My concern was the impact of the ground or vehicle striking the firearm in its holster and firing. Not having it drop on the ground and fire.


----------



## AZdave (Oct 23, 2015)

Starkiller1125 said:


> I never go off my bike. I have a car for thunderstorms but even then, I'll still ride as long as there's no hail or stupid crazy wind. You buy a bike to ride it, not to look at it in the garage when it's cold or raining.


Well, I never planned to go off bike, but I have a number of times . 
Broken collar bone the worst.

I did ride my bike for winter quarter in Ohio to The OSU.
Froze my lcd watch, and some other parts.

That was before they had motorcycle armor like they have now.
I guess tumbling off a cycle could explain the series 80 inertial firing pin safety in a 1911.


----------



## desertman (Aug 29, 2013)

Starkiller1125 said:


> My concern was the impact of the ground or vehicle striking the firearm in its holster and firing. Not having it drop on the ground and fire.


I guess what some of us are trying to say is that if you're involved in a serious motorcycle accident a handgun going off in a holster or falling out and striking whatever would be the least of your problems. Who's to say what it will hit and under what circumstances? It's not like you can plan for something like that and predetermine where it's going to land or where it will be pointed at when it does.

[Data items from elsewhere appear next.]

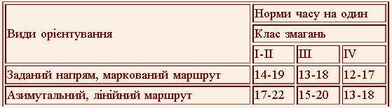 Залік з топографії та геодезії. Учасники команди виконують завдання, пов'язані з роботою по топографічній карті, малюванням та розшифровкою знаків, визначенням азимуту або напрямку руху, визначенням відстані по картах, схемах, кроках різних масштабів і т. ін. Рекомендується до виїзду команд на змагання повідомити їх про джерело інформації, відповідно до якого буде проводитися суддівство. Топографічні знаки, зразки карт рекомендується вивішувати до початку змагань. Визначення відстані до об'єкта або висоти об'єкта. Визначається відстань від точки знаходження до недоступної точки (наприклад, на іншому березі річки, озера). Біля точки знаходження повинен бути вільний простір дистанції для замірів. Рекомендується відстань не більше як 40 м. Точність 100%. Встановлення намету. Як правило, команди встановлюють намет "класичної" конструкції - двоскатний будиночок. Етап проводиться відповідно до Умов проведення змагань. Рекомендується для дистанції І класу. Розпалювання багаття. Для об'єктивного оцінювання етап організовується наступним чином. По різні сторони місця, де учасники будуть розпалювати вогнище, встановлюються два металевих прути. Між ними на висоті 20-30 см від землі натягується дріт (щоб не перегорів, краще сталевий), вище якого на висоті 10-15 см натягується товста нитка. До старту команди готують багаття-розміщують хмиз, гілочки, дрова до дроту. Після старту запалюється багаття. При перегоранні нитки етап вважається закінченим. Рекомендується для дистанції І класу. Орієнтування. Всім туристам потрібні навички орієнтування на місцевості. На відміну від спортивного орієнтування тут використовуються різні вправи, за допомогою яких перевіряються навички користування компасом, картою, визначення сторін горизонту, напрямку руху тощо. На змаганнях зі спортивного туризму вправи з орієнтування на місцевості можуть бути включені до дистанції "Крос-похід", або можуть проводитись окремою дистанцією. Дистанція може включати декілька видів орієнтування на місцевості: - рух по заданому азимуту і карті; - рух в заданому напрямку по карті з проходженням через контрольні пункти; - орієнтування по маркованому маршруту; - визначення місця знаходження методом засічок; - рух по заданому азимуту і відстані; - рух без карти по "легенді"; - рух по лінії, позначеній на карті. На етапах орієнтування можуть використовуватися топографічні, спортивні карти, тощо. На етапах орієнтування визначення встановленого (оптимального) часу рекомендується проводити відповідно до приблизних норм часу на один кілометр шляху (табл. 4.4). Таблиця 4.4
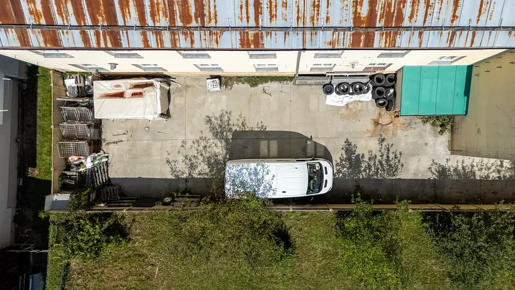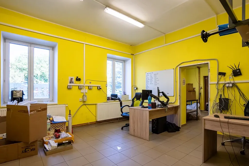 Další vstup do objektu je řešen z prostoru nákladní rampy přes dvoukřídlé dveře nebo kancelářských kontejnerů. Rozdělení podlaží pomocí nenosných příček lze vybourat.
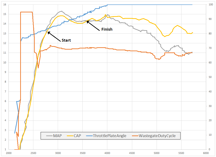 I added Throttle Plate Angle and N75 Duty Cycle to the chart with the MAP and CAP pressures to see if this theory held up. Each has a value measured as a percentage, which is shown on the scale on the right side of the chart.
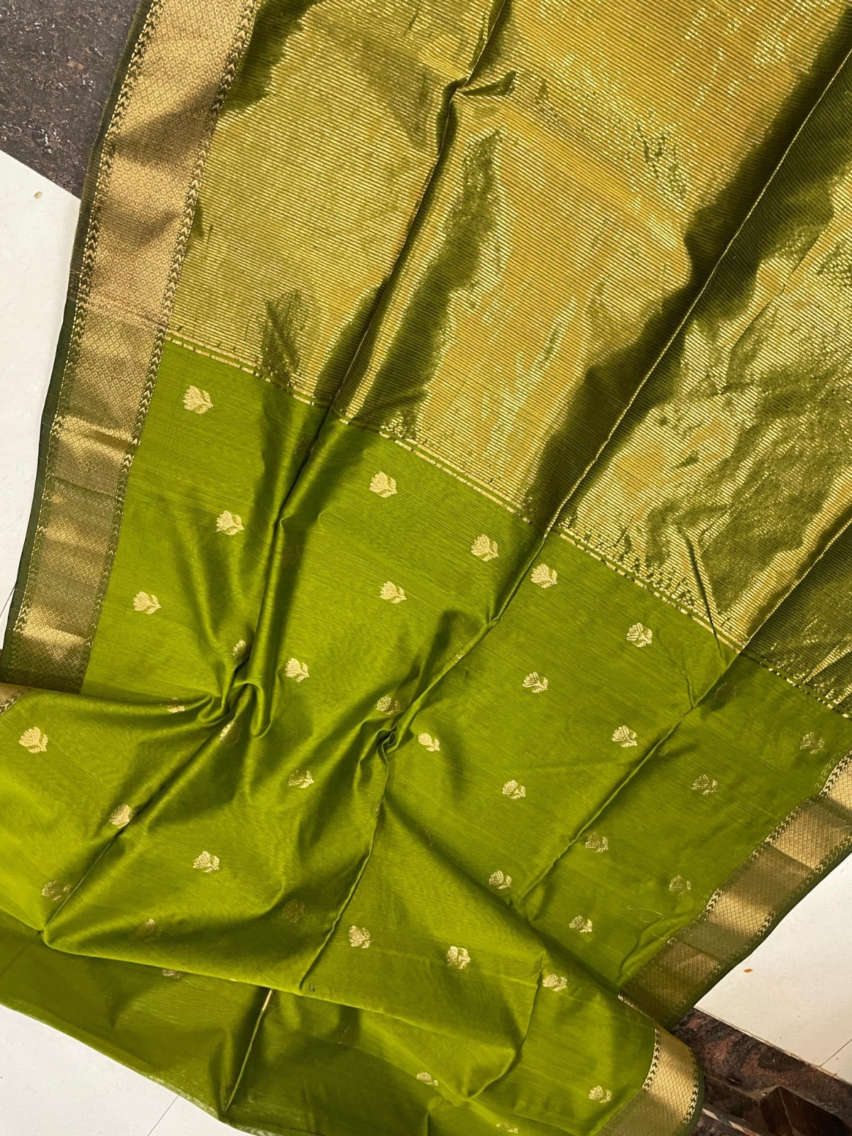 Handloom Authentic Parrot Green Maheshwari Silk Cotton Saree directly from weaver
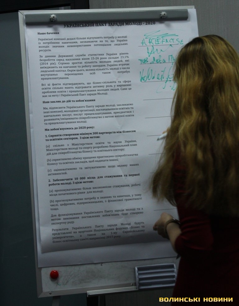 Луцькі та волинські підприємці, зокрема «Artefact.St», «Модерн-Експо», «Теремно Хліб», «AQUA PRINT» та інші, доєдналися до Українського пакту заради молоді – 2020, покликаного за три роки забезпечити близько 10 тисяч місць для стажування та першої роботи, а також налагодити 300 партнерств між бізнесом і освітнім сектором.
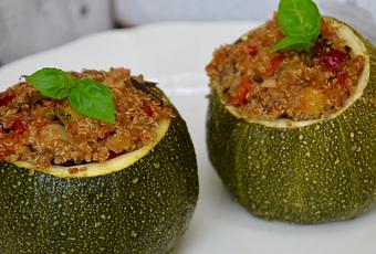 Des courgettes farcies et vegan au quinoa et légumes, un délice!
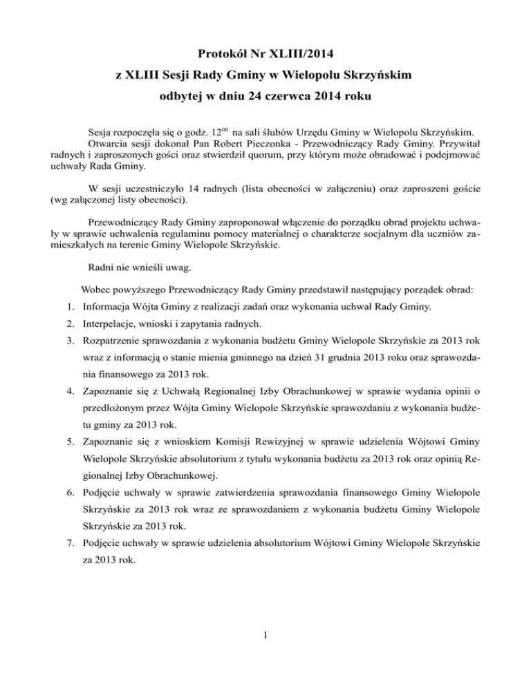Protokół Nr XLIII/2014 z XLIII Sesji Rady Gminy w Wielopolu Skrzyńskim odbytej w dniu 24 czerwca 2014 roku Sesja rozpoczęła się o godz. 1200 na sali ślubów Urzędu Gminy w Wielopolu Skrzyńskim. Otwarcia sesji dokonał Pan Robert Pieczonka - Przewodniczący Rady Gminy. Przywitał radnych i zaproszonych gości oraz stwierdził quorum, przy którym może obradować i podejmować uchwały Rada Gminy. W sesji uczestniczyło 14 radnych (lista obecności w załączeniu) oraz zaproszeni goście (wg załączonej listy obecności). Przewodniczący Rady Gminy zaproponował włączenie do porządku obrad projektu uchwały w sprawie uchwalenia regulaminu pomocy materialnej o charakterze socjalnym dla uczniów zamieszkałych na terenie Gminy Wielopole Skrzyńskie. Radni nie wnieśli uwag. Wobec powyższego Przewodniczący Rady Gminy przedstawił następujący porządek obrad: 1. Informacja Wójta Gminy z realizacji zadań oraz wykonania uchwał Rady Gminy. 2. Interpelacje, wnioski i zapytania radnych. 3. Rozpatrzenie sprawozdania z wykonania budżetu Gminy Wielopole Skrzyńskie za 2013 rok wraz z informacją o stanie mienia gminnego na dzień 31 grudnia 2013 roku oraz sprawozdania finansowego za 2013 rok. 4. Zapoznanie się z Uchwałą Regionalnej Izby Obrachunkowej w sprawie wydania opinii o przedłożonym przez Wójta Gminy Wielopole Skrzyńskie sprawozdaniu z wykonania budżetu gminy za 2013 rok. 5. Zapoznanie się z wnioskiem Komisji Rewizyjnej w sprawie udzielenia Wójtowi Gminy Wielopole Skrzyńskie absolutorium z tytułu wykonania budżetu za 2013 rok oraz opinią Regionalnej Izby Obrachunkowej. 6. Podjęcie uchwały w sprawie zatwierdzenia sprawozdania finansowego Gminy Wielopole Skrzyńskie za 2013 rok wraz ze sprawozdaniem z wykonania budżetu Gminy Wielopole Skrzyńskie za 2013 rok. 7. Podjęcie uchwały w sprawie udzielenia absolutorium Wójtowi Gminy Wielopole Skrzyńskie za 2013 rok. 1 8. Rozpatrzenie projektów i podjęcie uchwał: 1) w sprawie zmiany w podziale gminy Wielopole Skrzyńskie na okręgi wyborcze, ustalenia ich granic i numerów oraz liczby radnych wybieranych w każdym okręgu wyborczym, 2) w sprawie uchwalenia regulaminu pomocy materialnej o charakterze socjalnym dla uczniów zamieszkałych na terenie Gminy Wielopole Skrzyńskie, 3) w sprawie zmiany Uchwały Nr XLII/236/2014 Rady Gminy w Wielopolu Skrzyńskim z dnia 6 maja 2014 roku w sprawie wprowadzenia zmian budżetu gminy na 2014 rok, 4) w sprawie zmiany Uchwały Nr XL/222/2014 Rady Gminy w Wielopolu Skrzyńskim z dnia 29 stycznia 2014 roku w sprawie budżetu Gminy Wielopole Skrzyńskie na 2014 rok, 5) w sprawie wprowadzenia zmian budżetu gminy na 2014 rok. 9. Sprawy różne. 10. Przyjęcie protokołu z obrad poprzedniej sesji. 11. Zamknięcie Sesji. Radni przyjęli do realizacji zaproponowany porządek obrad. 1. Informacja Wójta Gminy z realizacji zadań oraz wykonania uchwał Rady Gminy. Pan Czesław Leja – Wójt Gminy Wielopole Skrzyńskie przedstawił informacje z realizacji zadań w okresie międzysesyjnym: • Chodnik w Wielopolu Skrzyńskim będzie budowany na odcinku długości 95 m za 66.000 zł. Zadanie to będzie wykonywał Pan Marcin Jezior. Prace rozpoczną się 15 lipca 2014 r. • Pani Dudek z Dębicy rozpoczęła składowanie kruszywa na placu u Pana Godka. Nie należy mieć obaw, że plac ten będzie sprzyjał szczególnemu traktowaniu Brzezin, bo wszystkie decyzje dotyczące miejsca wywożenia kamienia wydawane są przez nas. Każdy transport jest rejestrowany i podpisywany przez odbiorcę. Nie ma i nie było nadużyć w tym zakresie, chociaż były głosy, że kruszywo poprzednim razem było wywożone nocą, aby ukryć miejsce wywożenia. • Zostanie przygotowany wykaz dróg, gdzie obecna partia kruszywa trafi w oparciu o zgłoszenia jakie napłynęły do Urzędu Gminy. Będzie można się przyjrzeć i ewentualnie uzupełnić listę. • Inwestycje przy Szkole Podstawowej w Brzezinach i na stadionie w Wielopolu Skrzyńskim postępują zgodnie z harmonogramem. Prace w Brzezinach chcemy zakończyć w sierpniu, natomiast prace w Wielopolu Skrzyńskim we wrześniu. • Pod koniec tego tygodnia będą miały miejsce dwa wydarzenia o charakterze kulturalnym: Dni Wielopola oraz Spotkanie Integracyjne Seniorów w Broniszowie. • Dzisiaj na WTZ odbywa się Powiatowy Piknik na rozpoczęcie lata. • W ostatnią niedzielę Pan Andrzej Róg zorganizował wspólnie ze swoimi współpracownikami wycieczkę w Bieszczady. • Jesteśmy w trakcie remontów dróg. W tej chwili wykonujemy prace głównie na terenie Glinika i będziemy przechodzić po kolei do następnych miejscowości. Wykonujemy prace najpotrzebniejsze i najpilniejsze, bo środków na takie działanie jest niewiele. 2 Pan Czesław Leja – Wójt Gminy zwrócił uwagę, że dzisiejsza sesja ma na celu przyglądnięcie się co wydarzyło się w ubiegłym roku, jak realizowany był budżet i jakie są efekty wspólnego działania. Wszystkie czynności zostały wypunktowane i ocenione przez Komisję Rewizyjną i RIO. Efekty tych czynności będą zaprezentowane i w oparciu o nie radni będą mogli podjąć decyzję co do udzielenia absolutorium Wójtowi, co za tym idzie całemu Urzędowi Gminy. Pytania i uwagi. Pan Jan Bokota – radny, sołtys sołectwa Glinik złożył podziękowania za pamięć i życzenia imieninowe. Zapytał o rozpoczęcie prac przy budowie hali sportowej w Gliniku. Poprosił, aby radni otrzymali informację odnośnie kamienia, na jaką drogę zostanie przeznaczony. Ponadto poprosił o przeprowadzenie remontu mostu w Gliniku koło GS. • • • Pan Czesław Leja – Wójt Gminy udzielił informacji na zadane pytania. Na obecnym etapie prac przy budowie hali sportowej w Gliniku są do wykonania następujące czynności: należy przeprojektować fragment umocnień, po to aby obniżyć koszty, zmienić kosztorys, ogłosić przetarg i podpisać umowę z wykonawcą. Trzeba wywieźć zbędny grunt i wykonać umocnienie pl

People have been carrying handguns under all kinds of conditions where their handguns get banged around and dropped. Chasing down criminals, combat conditions, rock climbing, hiking, skydiving etc. are but a few examples. I think that the only time that you'd have to worry is if the gun is being carried in a manner of which it was not designed or intended. Such as carrying it with the hammer cocked or in half cock with the safety off if applicable. There are many different designs of semi auto pistols SA's, DA/SA's, DA only, striker's etc. Some have firing pin blocks, some have only a safety, some have de-cocker/safeties such as your S&W 469, some have just a de-cocking lever such as a CZ P06. Some have a combination of these features. If carried in the manner of which the weapon was designed your chances of it going off accidentally are probably a billion to one. Unless of course the weapon is in a fire with a round in the chamber in which case it really wouldn't matter if the safety was on or not. As the heat would probably set it off.


----------



## Steve M1911A1 (Feb 6, 2008)

AZdave said:


> ...So how often do you go off bike?...


The motorcycle officer who sponged me up off of the pavement after mine, way back in 1965, told me that bike officers have at least one bad one, every year.
I said that it's a wonder that anybody does motorcycle duty.
He said that it's because the pay is so good.
I wonder if he was, um, pulling my leg. (That is, my left leg. The one that got destroyed.)


----------



## AZdave (Oct 23, 2015)

Steve M1911A1 said:


> I wonder if he was, um, pulling my leg. (That is, my left leg. The one that got destroyed.)


Sorry to hear that.

When my wife broke her shoulder one of the emt's did try to help her with her broken arm.
She did not like that.


----------



## Starkiller1125 (Mar 31, 2017)

AZdave said:


> Steve M1911A1 said:
> 
> 
> > I wonder if he was, um, pulling my leg. (That is, my left leg. The one that got destroyed.)
> ...


I've only been in four motorcycle crashes. One was my fault, I tried passing my cousins car on a road equal to the surface of the moon and my fork started speed wobbling. The bike flipped and I slid a hundred feet. I got back up, tried picking my bike back up but then some dude was telling me to lay down until the ambulance arrived. Nothing broke but if I didn't have a full face helmet, I would have the left side of my face right now. All the other times were stupid people not looking out for motorcycles. Shit happens and happens to the best of us.


----------



## Starkiller1125 (Mar 31, 2017)

Wouldn't have the left side of my face***


----------



## Doogan (Apr 14, 2017)

I own an S&W Model 439. It is the "service" model where you (I believe) have the 3.5" barrel weapon. Anyway, both are DAO firearms and have the same decocker safeties. I love my 439 and carry it sometimes when photographing old ghost towns here, in New Mexico. the 439 and 469 both have the 1911 design, as designed by John Moses Browning. If you are comfortable with the double action, I would recommend carrying it with the flip-up safety on and chambered. Surprisingly, right after 9-11, I elected to carry my 439 for contract counter intelligence work rather then my [then] Colt .45 1911 Defender!


----------



## Doogan (Apr 14, 2017)

If you're nostalgic, in many cases, S&W produced a leather holster along with the model of the pistol. For example: I own a Model 439 (2d generation Model 39). I found the original holster, manufactured by S&W in 1952 for the Model 39. I had to replace the Model 439 slide with a Model 39 slide in order to use the holster as the sights on the 439 would not permit the weapon to fit into the holster.


----------



## Steve M1911A1 (Feb 6, 2008)

Doogan said:


> I own an S&W Model 439...I would recommend carrying it with the flip-up safety on and chambered...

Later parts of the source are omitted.